[Material for this exercise]

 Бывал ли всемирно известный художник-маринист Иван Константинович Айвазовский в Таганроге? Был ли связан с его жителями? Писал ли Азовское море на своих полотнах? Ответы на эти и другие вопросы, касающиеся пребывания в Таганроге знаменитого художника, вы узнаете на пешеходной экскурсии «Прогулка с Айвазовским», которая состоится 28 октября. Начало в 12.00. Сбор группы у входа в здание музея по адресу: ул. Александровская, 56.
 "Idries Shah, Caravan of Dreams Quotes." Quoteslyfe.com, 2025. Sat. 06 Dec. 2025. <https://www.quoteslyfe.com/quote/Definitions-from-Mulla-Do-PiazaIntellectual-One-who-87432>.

* * *

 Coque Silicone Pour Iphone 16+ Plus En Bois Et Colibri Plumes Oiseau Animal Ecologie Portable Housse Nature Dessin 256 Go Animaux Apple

--

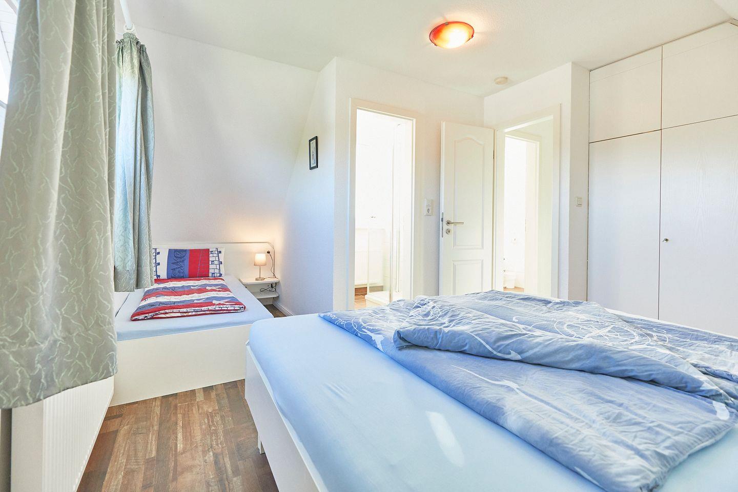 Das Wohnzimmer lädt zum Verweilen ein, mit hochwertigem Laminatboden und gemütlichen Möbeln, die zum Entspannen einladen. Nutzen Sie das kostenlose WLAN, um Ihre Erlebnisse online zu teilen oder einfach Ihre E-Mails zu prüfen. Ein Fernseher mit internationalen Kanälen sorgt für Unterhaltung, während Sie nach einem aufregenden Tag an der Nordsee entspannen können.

[To do]
Take the listing above and repeat exactly the lines from the one containing "Бывал ли всемирно" through the one containing "Shah, Caravan of", both included.

[Result of this task]
 Бывал ли всемирно известный художник-маринист Иван Константинович Айвазовский в Таганроге? Был ли связан с его жителями? Писал ли Азовское море на своих полотнах? Ответы на эти и другие вопросы, касающиеся пребывания в Таганроге знаменитого художника, вы узнаете на пешеходной экскурсии «Прогулка с Айвазовским», которая состоится 28 октября. Начало в 12.00. Сбор группы у входа в здание музея по адресу: ул. Александровская, 56.
 "Idries Shah, Caravan of Dreams Quotes." Quoteslyfe.com, 2025. Sat. 06 Dec. 2025. <https://www.quoteslyfe.com/quote/Definitions-from-Mulla-Do-PiazaIntellectual-One-who-87432>.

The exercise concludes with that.